Directions for this task ->
Every entry should be reproduced precisely, with each picture left out.

"""

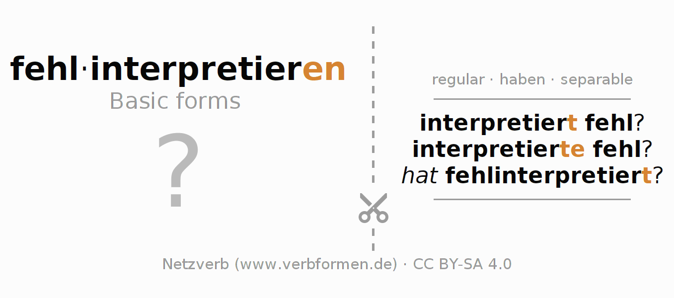 Worksheets are used generally for the conjugation of the verb fehlinterpretieren in teaching. The materials can be used as Open Educational Resources (OER) for exercises, for games and as Tasks (CC BY-SA 4.0). There are many different types of tasks available for the verb fehlinterpretieren. These are overview sheets with complete conjugation, puzzles and games that require joint learning. The entire educational material is available for free as a PDF download, as pictures and as an interactive browser version. In addition to the tasks, countless examples for fehlinterpretieren also provide an aid to using the verb.
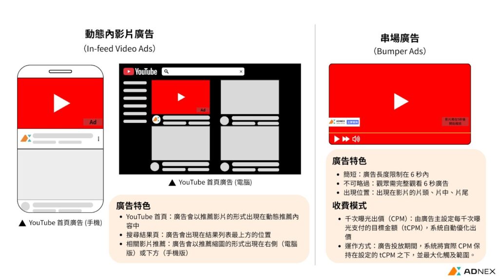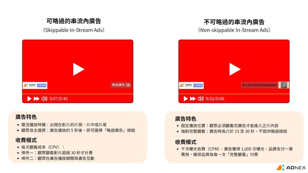 | 計費方式 | CPV(Cost-Per-View):觀看 30 秒或互動才計費 | CPM(Cost-Per-Mille):每次曝光都計費 |
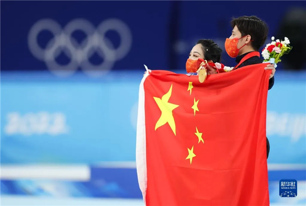 ▲2月19日晚,中国花样滑冰选手隋文静、韩聪获得北京冬奥会双人滑金牌。
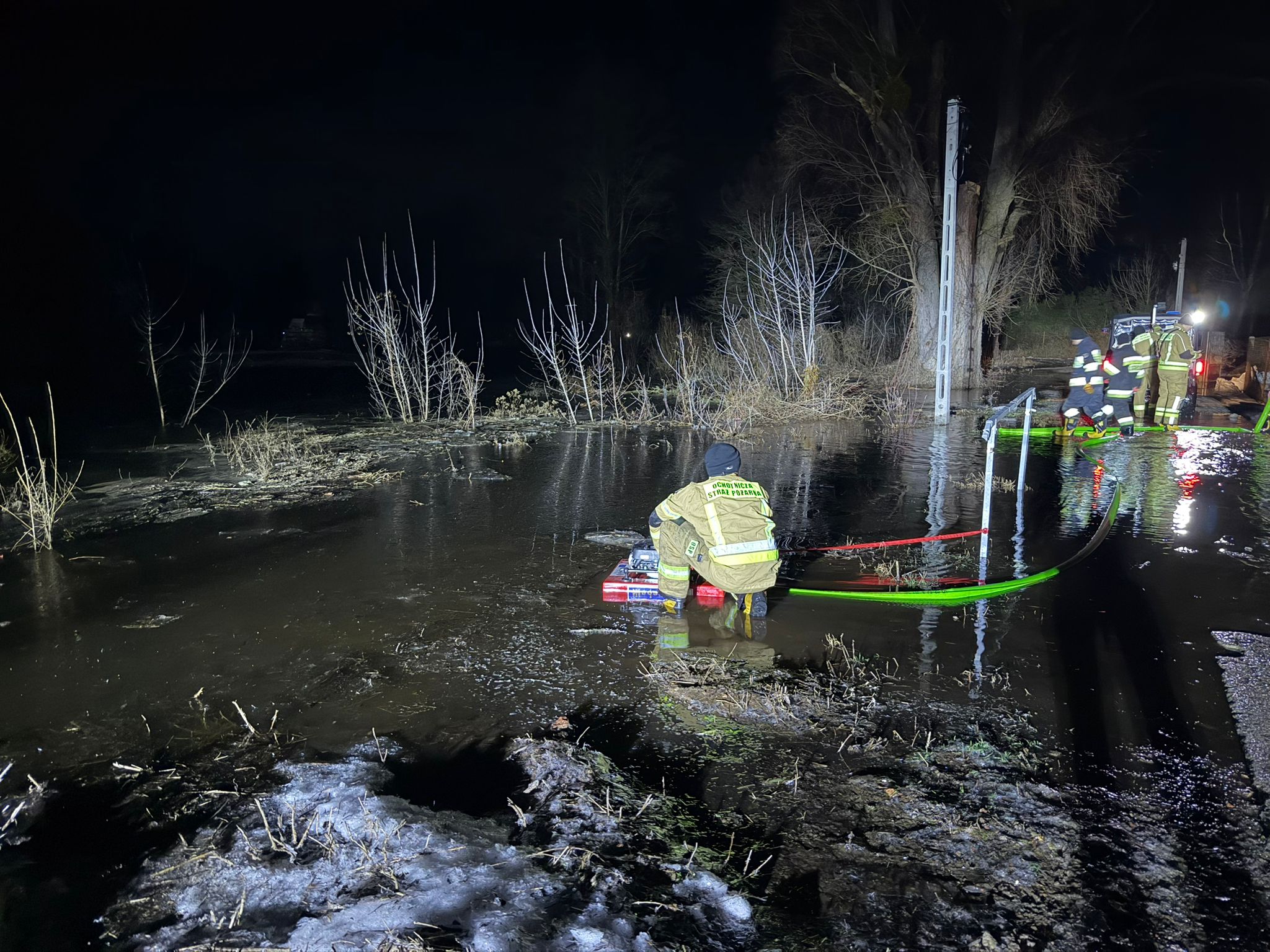 Działania przeciwpowodziowe Służb Ratowniczych, w związku z zatorem lodowym oraz wystąpieniem z koryta Rzeki Wkra
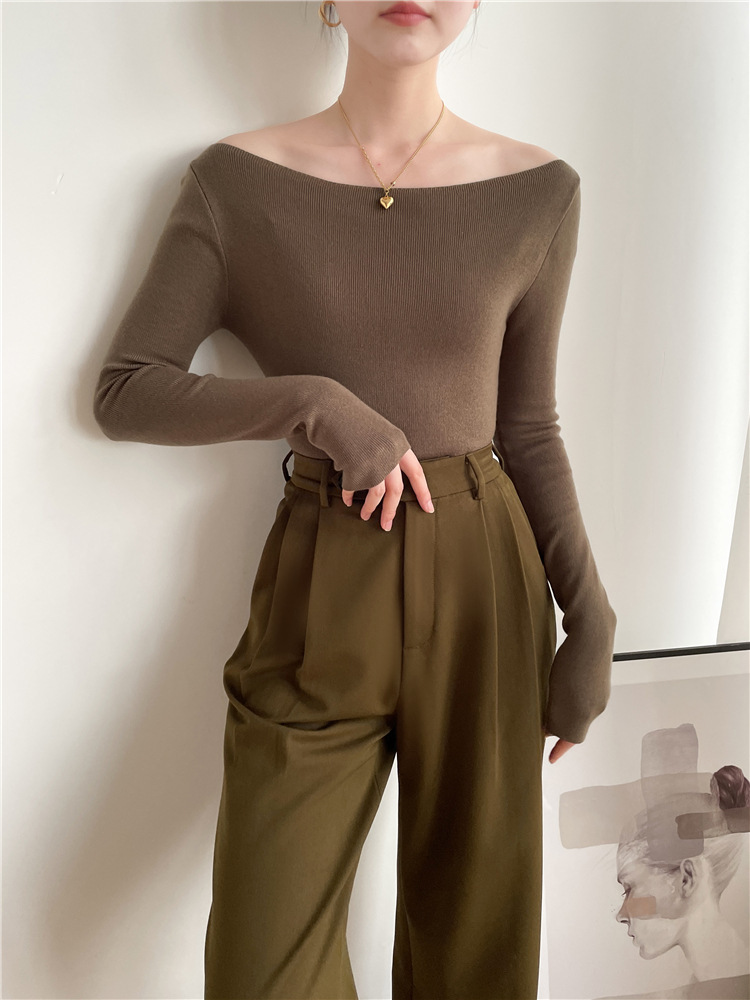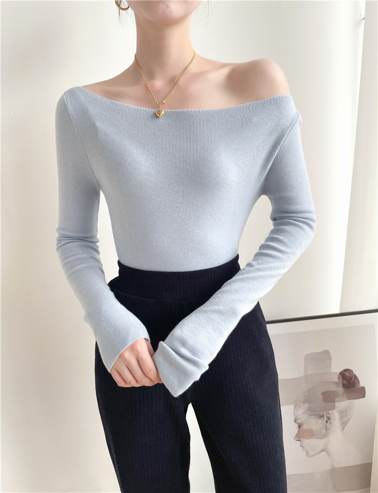 가을과 겨울 스트레치 캐시미어 칼라 어깨 슬림 핏 슬림 핏 스웨터 솔리드 컬러 풀오버 이너베이스 탑 여성용 탑
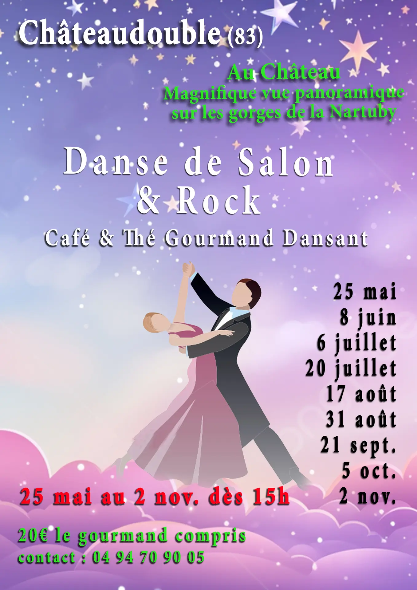 café et thé gourmand dansant au Château, magnifique vue panoramique sur les gorges de la Nartuby
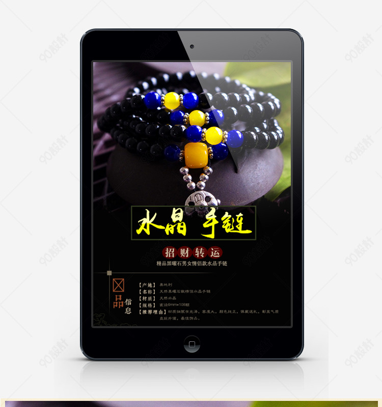 90设计提供典雅简约黑曜石水晶手链配饰淘宝详情PSD分层模板设计素材下载,高清PSD格式。【通用】多类目可用,产品、模特均可替换。【PSD】精细分层,贴好片。【设计】由90设计师独家设计。点击右侧免费下载按钮可进行典雅简约黑曜石水晶手链配饰淘宝详情PSD分层模板淘宝设计素材高速下载。
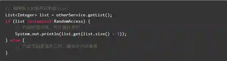 大家都知道数组和链表的区别:数组的随机访问效率更高。当调用方法获取到 List 后,如果想随机访问其中的数据,并不知道该数组内部实现是链表还是数组,怎么办呢?可以判断它是否实现 RandomAccess 接口。
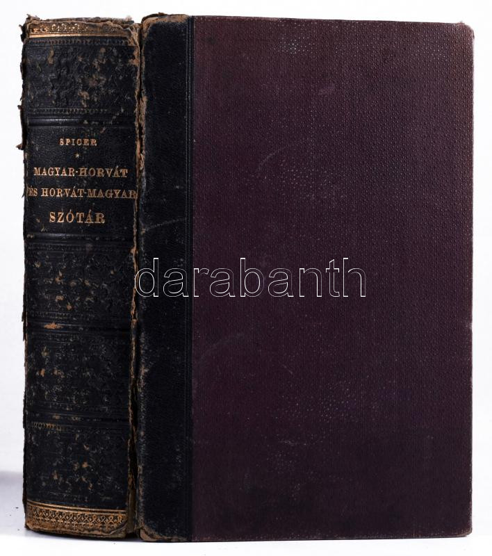 Leírás: Spicer Mór: Magyar-horvát és horvát-magyar szótár. I. rész: Magyar-horvát. Közhasználatra összeállította: - - . Bp., 1893, Franklin-Társulat, 4 sztl. lev.+ 397+(3) p Korabeli kissé sérült félbőr kötésben
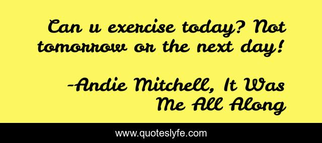 "Andie Mitchell, It Was Me All Along Quotes." Quoteslyfe.com, 2025. Fri. 05 Dec. 2025. <https://www.quoteslyfe.com/quote/Can-u-exercise-today-Not-tomorrow-or-258273>.
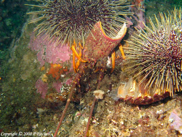 Shed shell of common lobster (crayfish), with common kina (sea urchin)
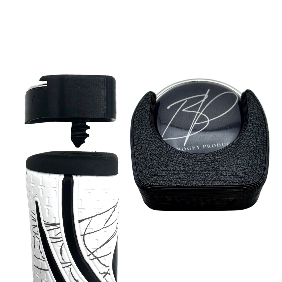 This magnetic ball marker holder is designed to screw securely into the top of a SuperStroke Pistol GTR 1.0 Putter Grip putter grip. It keeps your marker easily accessible during play, offering a convenient and secure solution for quick use on the green. Perfect for golfers who want to take their game to the next level!
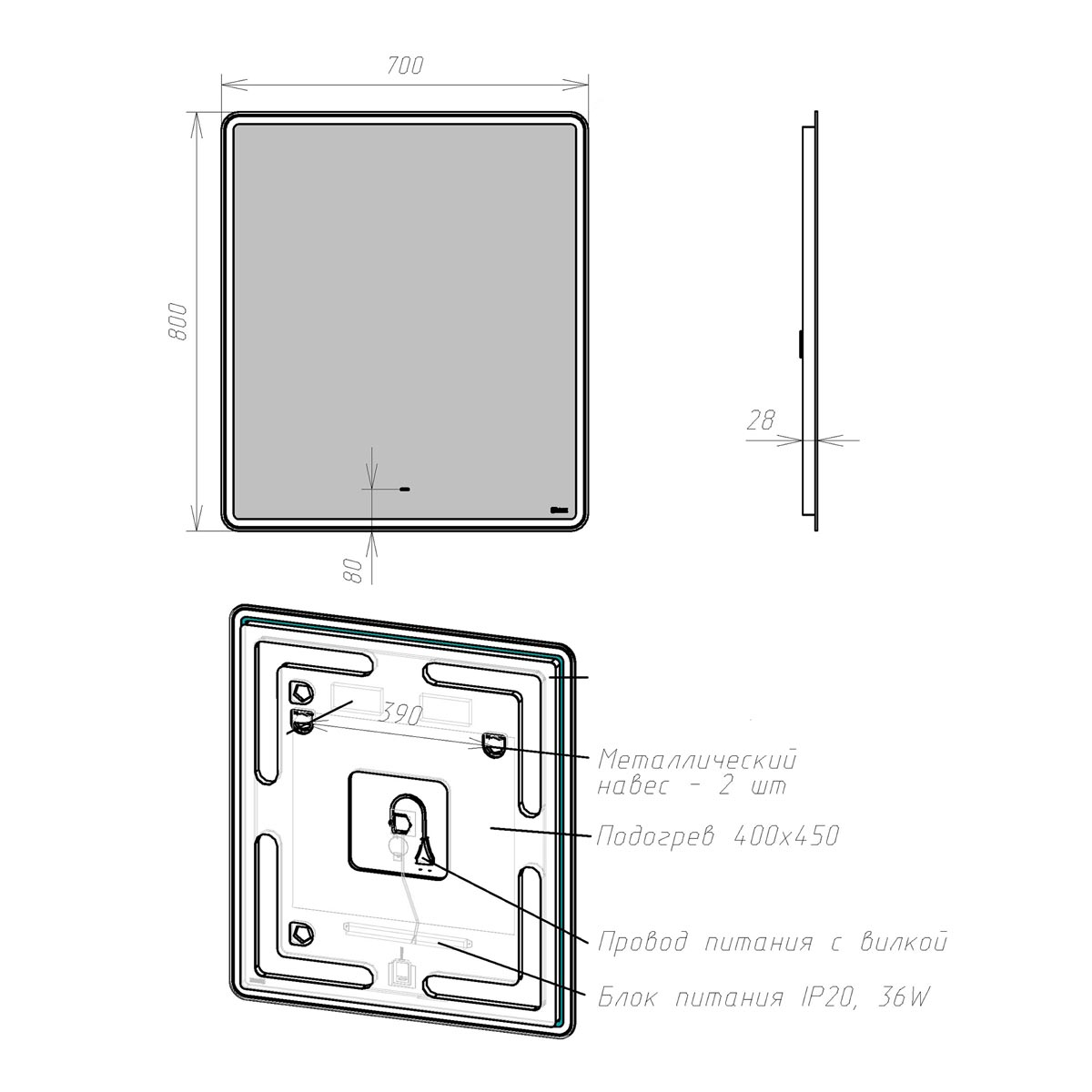 Зеркало Lemark ELEMENT 70х80 см с подсветкой, с подогревом

"""

Expected answer ->
 Worksheets are used generally for the conjugation of the verb fehlinterpretieren in teaching. The materials can be used as Open Educational Resources (OER) for exercises, for games and as Tasks (CC BY-SA 4.0). There are many different types of tasks available for the verb fehlinterpretieren. These are overview sheets with complete conjugation, puzzles and games that require joint learning. The entire educational material is available for free as a PDF download, as pictures and as an interactive browser version. In addition to the tasks, countless examples for fehlinterpretieren also provide an aid to using the verb.
 | 計費方式 | CPV(Cost-Per-View):觀看 30 秒或互動才計費 | CPM(Cost-Per-Mille):每次曝光都計費 |
 ▲2月19日晚,中国花样滑冰选手隋文静、韩聪获得北京冬奥会双人滑金牌。
 Działania przeciwpowodziowe Służb Ratowniczych, w związku z zatorem lodowym oraz wystąpieniem z koryta Rzeki Wkra
 가을과 겨울 스트레치 캐시미어 칼라 어깨 슬림 핏 슬림 핏 스웨터 솔리드 컬러 풀오버 이너베이스 탑 여성용 탑
 café et thé gourmand dansant au Château, magnifique vue panoramique sur les gorges de la Nartuby
 90设计提供典雅简约黑曜石水晶手链配饰淘宝详情PSD分层模板设计素材下载,高清PSD格式。【通用】多类目可用,产品、模特均可替换。【PSD】精细分层,贴好片。【设计】由90设计师独家设计。点击右侧免费下载按钮可进行典雅简约黑曜石水晶手链配饰淘宝详情PSD分层模板淘宝设计素材高速下载。
 大家都知道数组和链表的区别:数组的随机访问效率更高。当调用方法获取到 List 后,如果想随机访问其中的数据,并不知道该数组内部实现是链表还是数组,怎么办呢?可以判断它是否实现 RandomAccess 接口。
 Leírás: Spicer Mór: Magyar-horvát és horvát-magyar szótár. I. rész: Magyar-horvát. Közhasználatra összeállította: - - . Bp., 1893, Franklin-Társulat, 4 sztl. lev.+ 397+(3) p Korabeli kissé sérült félbőr kötésben
 "Andie Mitchell, It Was Me All Along Quotes." Quoteslyfe.com, 2025. Fri. 05 Dec. 2025. <https://www.quoteslyfe.com/quote/Can-u-exercise-today-Not-tomorrow-or-258273>.
 Shed shell of common lobster (crayfish), with common kina (sea urchin)
 This magnetic ball marker holder is designed to screw securely into the top of a SuperStroke Pistol GTR 1.0 Putter Grip putter grip. It keeps your marker easily accessible during play, offering a convenient and secure solution for quick use on the green. Perfect for golfers who want to take their game to the next level!
 Зеркало Lemark ELEMENT 70х80 см с подсветкой, с подогревом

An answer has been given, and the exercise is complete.